Datum: 21. März 2018
Position: 37°29,3’N, 034°43,4’W
Etmal: 154 NM
Wetter: Wasser 17°C, Luft 18°C, Windstärke 4
von Nico

Der heutige Tag fing so langweilig und ereignislos an wie jeder andere Tag. Ich stehe an dem selben Platz – wie immer, kann mich nicht bewegen – wie immer und niemand beachtet mich – wie immer. Alle gehen einfach an mir vorbei, ohne mir auch nur ein bisschen Aufmerksamkeit zu schenken. Die Leute schauen mich nicht an und sie fassen mich nicht an. Man könnte meinen, ich bin nutzlos oder dass die Leute überhaupt nicht wissen, dass es mich gibt. So verging zunächst der Tag. Außer der Fahrwache ist eigentlich niemand an Deck, das Wetter ist hauptsächlich leicht regnerisch und kühl, nichts Besonderes ist draußen los. Ab und zu werde ich von der Gischt einiger Wellen nassgespritzt, regelmäßig höre ich gleich danach das Fluchen der Fahrwache, die es auch getroffen hat. Nach dem Mittagessen kommt die Sonne ein bisschen raus und ich kann mich wieder aufwärmen.

Es ist 15:00 Uhr. Das heißt, die spannendste Zeit des Tages ist für mich gekommen. Denn alle wissen, dass sie sich um 15:30 Uhr ein Stück Kuchen oder eine Tasse frischen Kaffee holen können. Also ist jetzt was los an Deck. Alle kommen aus ihren Kojen an Deck gekrochen und genießen ihr Stück Schokokuchen. Doch es gibt jeden Tag jemanden, der nichts davon abbekommt und das bin ich. Nachdem alle ihr wahrscheinlich sehr leckeres Stück aufgegessen haben und auch alle noch einmal sicher gegangen sind, dass es kein zweites Stück geben wird, sind wieder alle unter Deck. Also hab ich mich schon wieder darauf eingestellt, dass der Rest des Tages so langweilig verlaufen wird wie bisher.

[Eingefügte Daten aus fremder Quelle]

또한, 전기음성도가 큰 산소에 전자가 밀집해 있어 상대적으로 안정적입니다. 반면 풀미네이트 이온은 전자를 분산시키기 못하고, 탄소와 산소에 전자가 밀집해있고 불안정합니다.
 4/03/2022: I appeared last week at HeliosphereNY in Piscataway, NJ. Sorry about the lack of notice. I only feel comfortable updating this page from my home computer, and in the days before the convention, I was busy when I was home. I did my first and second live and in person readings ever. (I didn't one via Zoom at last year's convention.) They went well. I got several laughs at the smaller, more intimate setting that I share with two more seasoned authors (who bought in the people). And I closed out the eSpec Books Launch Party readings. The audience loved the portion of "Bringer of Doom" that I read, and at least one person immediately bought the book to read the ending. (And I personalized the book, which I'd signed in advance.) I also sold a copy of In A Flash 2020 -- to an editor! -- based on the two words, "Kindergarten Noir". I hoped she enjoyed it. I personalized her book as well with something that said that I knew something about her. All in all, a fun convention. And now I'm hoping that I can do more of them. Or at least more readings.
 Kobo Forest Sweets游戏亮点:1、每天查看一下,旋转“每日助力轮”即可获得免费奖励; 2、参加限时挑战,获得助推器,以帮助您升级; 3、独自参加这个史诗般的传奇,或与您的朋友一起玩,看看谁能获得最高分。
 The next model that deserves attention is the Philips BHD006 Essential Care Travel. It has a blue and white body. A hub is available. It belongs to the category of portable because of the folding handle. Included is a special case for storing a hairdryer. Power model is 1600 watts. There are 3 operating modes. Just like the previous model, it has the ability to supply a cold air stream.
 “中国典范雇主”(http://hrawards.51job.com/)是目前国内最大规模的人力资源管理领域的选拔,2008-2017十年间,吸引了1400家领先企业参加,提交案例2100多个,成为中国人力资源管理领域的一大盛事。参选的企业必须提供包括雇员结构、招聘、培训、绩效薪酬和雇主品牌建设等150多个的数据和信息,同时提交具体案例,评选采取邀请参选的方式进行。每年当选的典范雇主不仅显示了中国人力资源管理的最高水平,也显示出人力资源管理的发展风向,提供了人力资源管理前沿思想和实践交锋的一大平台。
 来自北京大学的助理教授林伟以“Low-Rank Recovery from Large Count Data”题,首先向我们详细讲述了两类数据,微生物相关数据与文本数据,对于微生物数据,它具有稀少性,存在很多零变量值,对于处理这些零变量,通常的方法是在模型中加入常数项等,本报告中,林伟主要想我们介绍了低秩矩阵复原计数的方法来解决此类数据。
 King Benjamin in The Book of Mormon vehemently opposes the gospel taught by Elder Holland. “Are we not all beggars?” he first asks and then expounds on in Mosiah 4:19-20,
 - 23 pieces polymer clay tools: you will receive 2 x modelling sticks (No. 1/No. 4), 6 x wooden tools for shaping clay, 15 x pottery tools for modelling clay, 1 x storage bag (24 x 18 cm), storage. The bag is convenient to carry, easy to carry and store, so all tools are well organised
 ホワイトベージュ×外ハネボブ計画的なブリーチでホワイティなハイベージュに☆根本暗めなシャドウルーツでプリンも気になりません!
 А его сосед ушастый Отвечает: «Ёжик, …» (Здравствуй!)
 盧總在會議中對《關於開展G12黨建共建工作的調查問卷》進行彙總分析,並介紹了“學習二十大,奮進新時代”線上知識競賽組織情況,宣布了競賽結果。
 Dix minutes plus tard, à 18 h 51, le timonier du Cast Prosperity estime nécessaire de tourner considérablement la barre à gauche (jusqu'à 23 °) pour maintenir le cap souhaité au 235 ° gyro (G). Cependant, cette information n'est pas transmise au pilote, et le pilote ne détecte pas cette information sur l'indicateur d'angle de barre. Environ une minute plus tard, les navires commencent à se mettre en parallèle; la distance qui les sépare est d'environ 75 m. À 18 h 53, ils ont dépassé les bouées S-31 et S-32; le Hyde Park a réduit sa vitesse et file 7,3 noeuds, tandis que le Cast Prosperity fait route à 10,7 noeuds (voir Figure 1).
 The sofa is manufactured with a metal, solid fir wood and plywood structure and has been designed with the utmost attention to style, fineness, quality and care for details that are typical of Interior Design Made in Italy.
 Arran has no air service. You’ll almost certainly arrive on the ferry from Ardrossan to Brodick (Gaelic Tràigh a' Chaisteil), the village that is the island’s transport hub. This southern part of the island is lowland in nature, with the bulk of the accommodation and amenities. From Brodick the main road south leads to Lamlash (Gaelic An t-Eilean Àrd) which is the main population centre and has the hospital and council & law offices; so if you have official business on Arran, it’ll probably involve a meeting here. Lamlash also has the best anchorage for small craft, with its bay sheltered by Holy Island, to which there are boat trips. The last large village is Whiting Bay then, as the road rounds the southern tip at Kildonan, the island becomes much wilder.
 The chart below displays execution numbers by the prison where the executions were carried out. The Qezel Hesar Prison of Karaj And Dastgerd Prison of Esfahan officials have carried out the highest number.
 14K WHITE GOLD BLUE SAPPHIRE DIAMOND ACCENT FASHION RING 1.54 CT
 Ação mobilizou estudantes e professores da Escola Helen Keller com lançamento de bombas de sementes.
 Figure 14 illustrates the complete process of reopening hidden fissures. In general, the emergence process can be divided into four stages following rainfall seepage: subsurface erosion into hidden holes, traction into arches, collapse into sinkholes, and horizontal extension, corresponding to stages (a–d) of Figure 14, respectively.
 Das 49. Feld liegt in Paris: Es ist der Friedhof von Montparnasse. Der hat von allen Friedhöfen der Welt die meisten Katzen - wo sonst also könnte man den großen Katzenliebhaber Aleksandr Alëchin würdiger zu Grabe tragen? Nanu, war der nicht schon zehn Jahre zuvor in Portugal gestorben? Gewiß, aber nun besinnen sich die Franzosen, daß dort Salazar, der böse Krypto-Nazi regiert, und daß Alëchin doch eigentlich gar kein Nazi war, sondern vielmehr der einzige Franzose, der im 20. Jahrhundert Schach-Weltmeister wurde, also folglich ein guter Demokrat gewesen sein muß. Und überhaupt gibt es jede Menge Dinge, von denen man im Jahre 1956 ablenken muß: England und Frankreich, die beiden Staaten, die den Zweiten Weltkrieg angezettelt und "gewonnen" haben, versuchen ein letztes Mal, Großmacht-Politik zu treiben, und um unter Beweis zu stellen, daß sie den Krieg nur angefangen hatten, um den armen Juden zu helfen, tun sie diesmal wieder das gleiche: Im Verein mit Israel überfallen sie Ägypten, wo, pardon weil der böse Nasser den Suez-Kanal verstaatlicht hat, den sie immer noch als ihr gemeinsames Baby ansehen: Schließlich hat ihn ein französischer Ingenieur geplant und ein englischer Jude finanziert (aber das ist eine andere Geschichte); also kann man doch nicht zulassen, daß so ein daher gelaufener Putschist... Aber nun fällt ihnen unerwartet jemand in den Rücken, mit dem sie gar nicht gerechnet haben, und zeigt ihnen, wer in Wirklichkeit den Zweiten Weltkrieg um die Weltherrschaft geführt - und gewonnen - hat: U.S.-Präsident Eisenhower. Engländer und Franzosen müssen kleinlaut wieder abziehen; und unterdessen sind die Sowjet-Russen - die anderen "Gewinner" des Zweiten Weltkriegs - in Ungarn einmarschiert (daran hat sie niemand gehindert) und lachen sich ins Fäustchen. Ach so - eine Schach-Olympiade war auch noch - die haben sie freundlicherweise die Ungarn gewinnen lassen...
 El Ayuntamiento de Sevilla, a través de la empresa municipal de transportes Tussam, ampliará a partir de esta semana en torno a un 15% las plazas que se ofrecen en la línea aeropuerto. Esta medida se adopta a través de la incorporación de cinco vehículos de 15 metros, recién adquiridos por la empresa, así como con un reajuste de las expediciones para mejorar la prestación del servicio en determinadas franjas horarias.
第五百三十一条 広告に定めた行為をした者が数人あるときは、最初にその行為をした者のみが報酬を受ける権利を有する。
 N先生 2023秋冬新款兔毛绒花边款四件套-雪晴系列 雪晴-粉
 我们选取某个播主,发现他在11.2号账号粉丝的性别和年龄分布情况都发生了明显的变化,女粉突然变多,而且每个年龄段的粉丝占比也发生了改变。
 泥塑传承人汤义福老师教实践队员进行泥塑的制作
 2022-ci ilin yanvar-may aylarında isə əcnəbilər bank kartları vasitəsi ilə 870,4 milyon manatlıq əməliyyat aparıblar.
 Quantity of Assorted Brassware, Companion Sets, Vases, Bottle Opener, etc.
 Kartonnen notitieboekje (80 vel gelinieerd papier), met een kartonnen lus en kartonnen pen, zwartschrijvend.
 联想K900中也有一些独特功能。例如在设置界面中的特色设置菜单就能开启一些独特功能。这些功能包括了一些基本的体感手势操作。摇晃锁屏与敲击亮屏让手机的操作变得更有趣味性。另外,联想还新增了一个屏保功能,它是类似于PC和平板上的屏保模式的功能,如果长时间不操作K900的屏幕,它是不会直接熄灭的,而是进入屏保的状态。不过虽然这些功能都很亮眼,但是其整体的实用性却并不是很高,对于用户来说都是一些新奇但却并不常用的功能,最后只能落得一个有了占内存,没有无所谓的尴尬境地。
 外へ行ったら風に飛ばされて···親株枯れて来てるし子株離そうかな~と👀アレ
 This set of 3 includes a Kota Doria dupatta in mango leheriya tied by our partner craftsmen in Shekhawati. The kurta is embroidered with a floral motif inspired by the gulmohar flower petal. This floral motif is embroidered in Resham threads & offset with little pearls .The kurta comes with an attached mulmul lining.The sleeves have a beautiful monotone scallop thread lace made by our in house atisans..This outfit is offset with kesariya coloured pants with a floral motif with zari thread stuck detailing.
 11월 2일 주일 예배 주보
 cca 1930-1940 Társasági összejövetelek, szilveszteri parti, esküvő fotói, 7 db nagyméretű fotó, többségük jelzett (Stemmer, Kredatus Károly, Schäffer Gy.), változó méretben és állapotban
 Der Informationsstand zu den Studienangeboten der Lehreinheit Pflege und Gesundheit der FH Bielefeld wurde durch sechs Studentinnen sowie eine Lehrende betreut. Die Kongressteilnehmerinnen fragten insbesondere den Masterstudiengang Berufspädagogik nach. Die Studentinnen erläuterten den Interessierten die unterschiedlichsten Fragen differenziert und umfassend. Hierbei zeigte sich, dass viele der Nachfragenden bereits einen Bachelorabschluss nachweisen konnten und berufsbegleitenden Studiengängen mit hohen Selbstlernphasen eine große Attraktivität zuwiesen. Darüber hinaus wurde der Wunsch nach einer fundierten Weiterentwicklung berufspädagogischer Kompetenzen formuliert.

Gegen 16:30 Uhr höre ich dann wie zum All-Hands gerufen wird und nur wenige Minuten später stehen alle an Deck. Einige sehen zwar so aus, als ob sie noch schlafen würden, aber sie sind alle da. Der Kapitän macht dann irgendeine Ansage, die ich von meiner Position aus leider nicht hören kann. Als er fertig ist, gehen aber nicht (wie sonst nach dem All-Hands) alle schnell wieder unter Deck, um sich in ihre hoffentlich noch warmen Kojen zu legen, sondern sie verteilen sich alle quer über dem Deck und schauen durch die Gegend, als würde gleich irgendetwas passieren. Jetzt bin ich ganz gespannt und schaue aufgeregt um mich. Ich sehe, dass plötzlich jemand eilig auf mich zukommt. Wahrscheinlich will er nur an mir vorbei auf die Brücke, aber irgendetwas ist komisch. Er schaut mich an und kommt näher. Ja er will wirklich zu mir! Er ist schon fast da, nur noch 1-2 Meter. Auf einmal nimmt er mich hoch und wirft mich ins Wasser. Ich will um Hilfe schreien, aber ich kann nicht sprechen. Ich hoffe, dass das jemand gesehen hat und mich retten kommt! Ich kann zwar schwimmen, doch auf Dauer ist es schon kalt im Wasser! Doch zum Glück höre ich noch, dass jemand ruft: „Boje über Bord!!! Übung!!!!!“ Ich weiß zwar nicht wer Boje ist, aber ich hoffe sehr, sie meinen mich damit! Kurz darauf sehe ich schon Leute, die vom Rigg aus auf mich zeigen und manche, die das Beiboot, auch genannt Dinghi, klar machen. Nach wenigen Minuten werde ich dann von 2 Männern in komischen Anzügen ins Dinghi gehoben und zurückgefahren. Als ich endlich wieder an Deck bin, dachte ich schon, die Leute würden gucken, ob es mir gut geht, doch sie stecken mich einfach zurück an den Ort, an dem ich immer liege. Den Rest des Tages wird mir – wie immer – keine Aufmerksamkeit (mehr) geschenkt. Als wäre ich nicht ins Wasser geworfen worden! Als wäre mir nichts passiert! Sie gehen einfach an mir vorbei! So vergeht dann auch der Rest des Tages und die Aufmerksamkeit, die mir zu Teil wurde, verging so plötzlich und schnell wie sie gekommen war.
Nico

P.S.:
1. Liebe Grüße an meine ganze Familie. Ich freue mich schon wahnsinnig euch bald alle wiederzusehen! (Nico)
2. Liebe Chrissy, alles Gute zum Geburtstag! Grüße alle party people von mir! (Harry)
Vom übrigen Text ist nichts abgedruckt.